Work item
Return the data word for word. Pictures are to be omitted.

(Stored records)
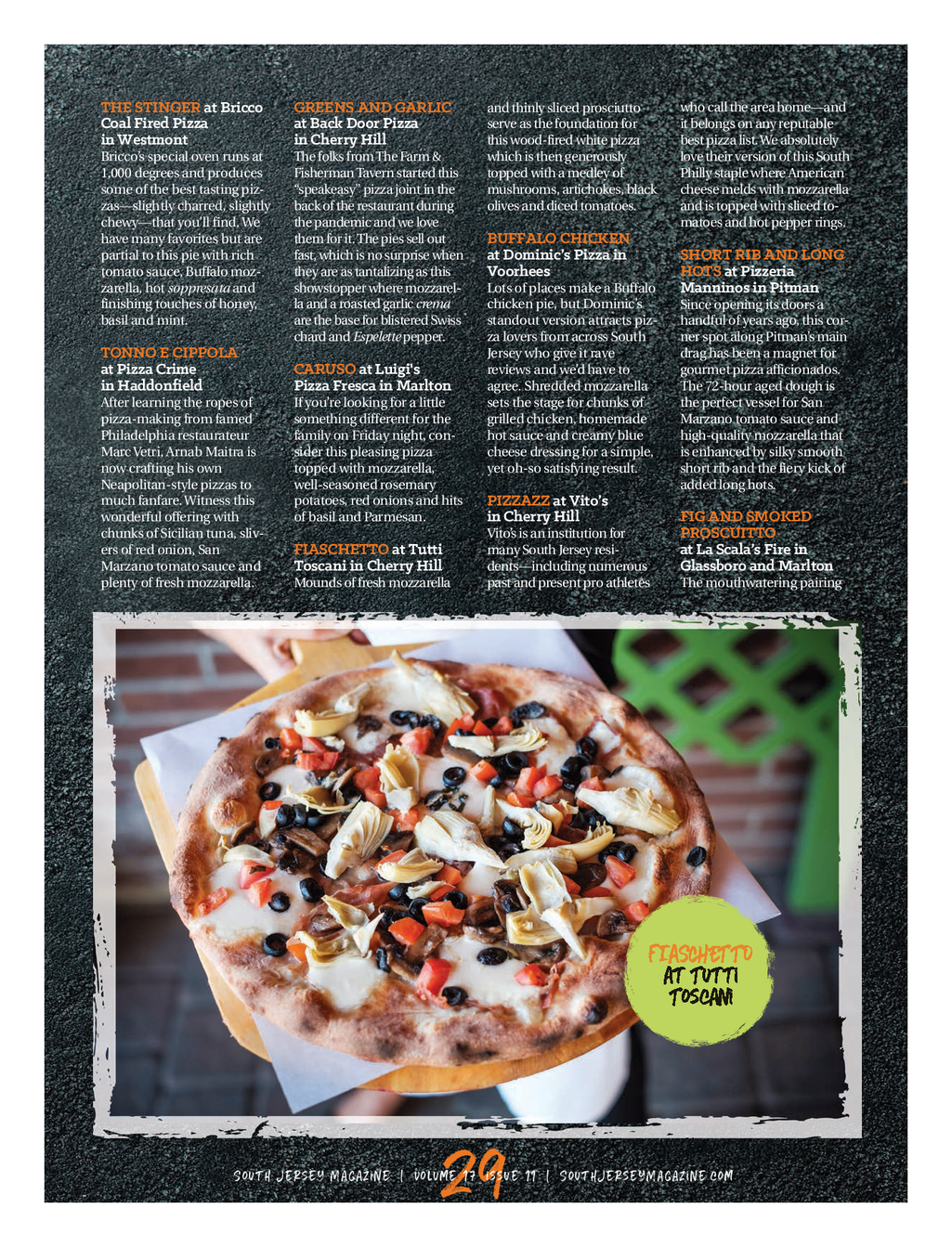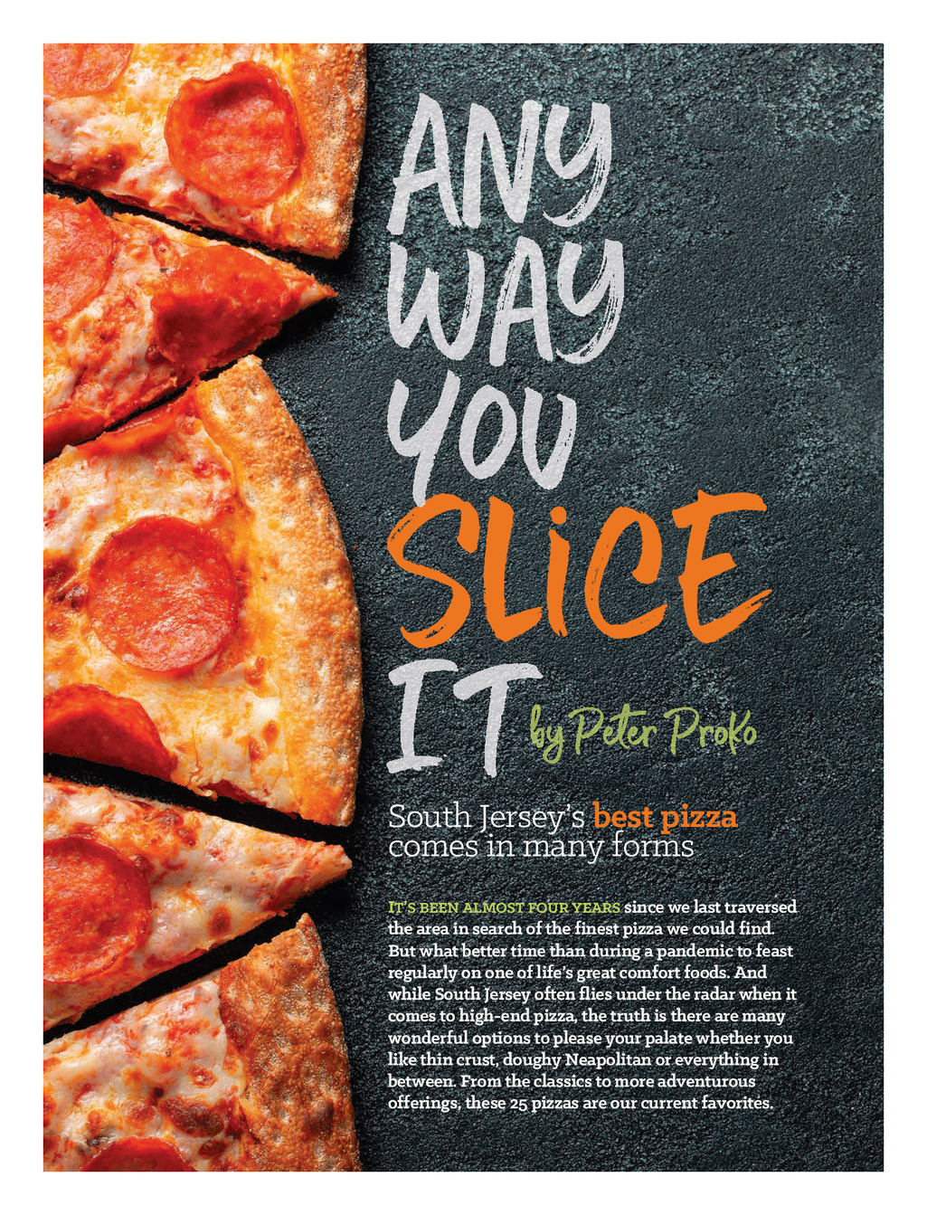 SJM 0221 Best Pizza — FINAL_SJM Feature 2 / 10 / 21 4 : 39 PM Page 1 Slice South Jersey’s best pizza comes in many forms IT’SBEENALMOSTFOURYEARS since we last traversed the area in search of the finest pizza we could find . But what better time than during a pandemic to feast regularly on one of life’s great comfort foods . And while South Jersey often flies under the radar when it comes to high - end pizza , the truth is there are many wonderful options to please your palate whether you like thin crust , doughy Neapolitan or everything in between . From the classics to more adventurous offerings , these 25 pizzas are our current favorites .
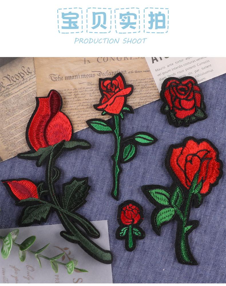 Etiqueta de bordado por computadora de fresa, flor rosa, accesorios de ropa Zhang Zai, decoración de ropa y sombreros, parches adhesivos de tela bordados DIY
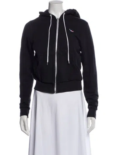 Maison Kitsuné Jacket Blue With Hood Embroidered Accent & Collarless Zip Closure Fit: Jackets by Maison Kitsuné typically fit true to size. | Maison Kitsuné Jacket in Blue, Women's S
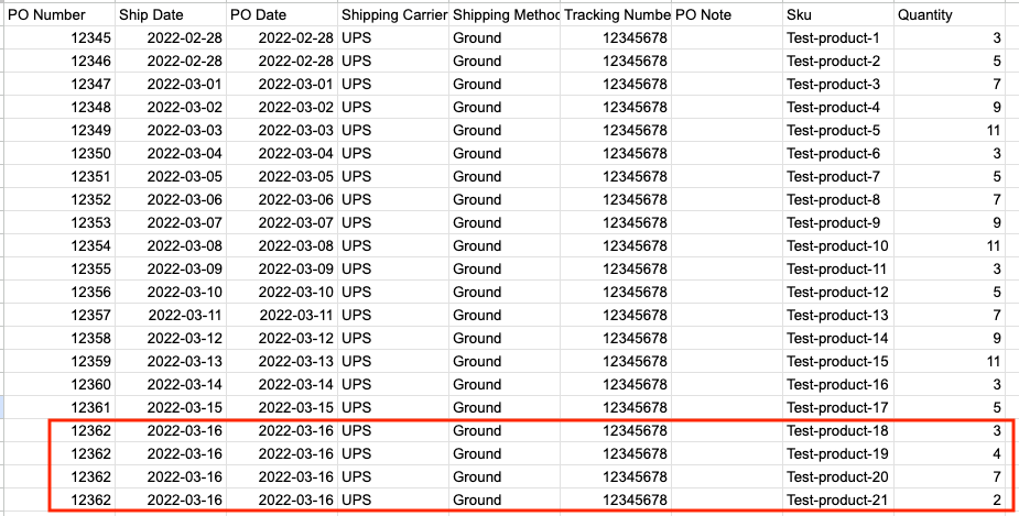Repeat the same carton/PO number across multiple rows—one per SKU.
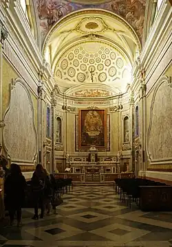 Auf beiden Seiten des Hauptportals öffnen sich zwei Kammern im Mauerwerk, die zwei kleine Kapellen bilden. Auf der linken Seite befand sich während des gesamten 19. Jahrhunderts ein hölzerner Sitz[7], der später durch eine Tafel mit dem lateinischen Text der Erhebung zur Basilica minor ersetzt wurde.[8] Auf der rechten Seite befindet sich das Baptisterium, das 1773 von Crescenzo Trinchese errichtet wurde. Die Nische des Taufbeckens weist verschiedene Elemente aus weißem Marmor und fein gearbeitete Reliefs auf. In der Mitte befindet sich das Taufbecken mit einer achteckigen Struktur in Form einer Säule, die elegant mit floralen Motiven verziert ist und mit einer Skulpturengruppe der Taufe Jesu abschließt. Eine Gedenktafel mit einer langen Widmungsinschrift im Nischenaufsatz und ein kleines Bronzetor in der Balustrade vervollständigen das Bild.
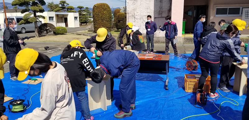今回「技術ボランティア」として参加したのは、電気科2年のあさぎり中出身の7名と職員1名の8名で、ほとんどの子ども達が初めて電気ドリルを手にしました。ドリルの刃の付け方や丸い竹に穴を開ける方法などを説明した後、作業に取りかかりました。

Your response
 SJM 0221 Best Pizza — FINAL_SJM Feature 2 / 10 / 21 4 : 39 PM Page 1 Slice South Jersey’s best pizza comes in many forms IT’SBEENALMOSTFOURYEARS since we last traversed the area in search of the finest pizza we could find . But what better time than during a pandemic to feast regularly on one of life’s great comfort foods . And while South Jersey often flies under the radar when it comes to high - end pizza , the truth is there are many wonderful options to please your palate whether you like thin crust , doughy Neapolitan or everything in between . From the classics to more adventurous offerings , these 25 pizzas are our current favorites .
 Etiqueta de bordado por computadora de fresa, flor rosa, accesorios de ropa Zhang Zai, decoración de ropa y sombreros, parches adhesivos de tela bordados DIY
 Maison Kitsuné Jacket Blue With Hood Embroidered Accent & Collarless Zip Closure Fit: Jackets by Maison Kitsuné typically fit true to size. | Maison Kitsuné Jacket in Blue, Women's S
Repeat the same carton/PO number across multiple rows—one per SKU.
 Auf beiden Seiten des Hauptportals öffnen sich zwei Kammern im Mauerwerk, die zwei kleine Kapellen bilden. Auf der linken Seite befand sich während des gesamten 19. Jahrhunderts ein hölzerner Sitz[7], der später durch eine Tafel mit dem lateinischen Text der Erhebung zur Basilica minor ersetzt wurde.[8] Auf der rechten Seite befindet sich das Baptisterium, das 1773 von Crescenzo Trinchese errichtet wurde. Die Nische des Taufbeckens weist verschiedene Elemente aus weißem Marmor und fein gearbeitete Reliefs auf. In der Mitte befindet sich das Taufbecken mit einer achteckigen Struktur in Form einer Säule, die elegant mit floralen Motiven verziert ist und mit einer Skulpturengruppe der Taufe Jesu abschließt. Eine Gedenktafel mit einer langen Widmungsinschrift im Nischenaufsatz und ein kleines Bronzetor in der Balustrade vervollständigen das Bild.
今回「技術ボランティア」として参加したのは、電気科2年のあさぎり中出身の7名と職員1名の8名で、ほとんどの子ども達が初めて電気ドリルを手にしました。ドリルの刃の付け方や丸い竹に穴を開ける方法などを説明した後、作業に取りかかりました。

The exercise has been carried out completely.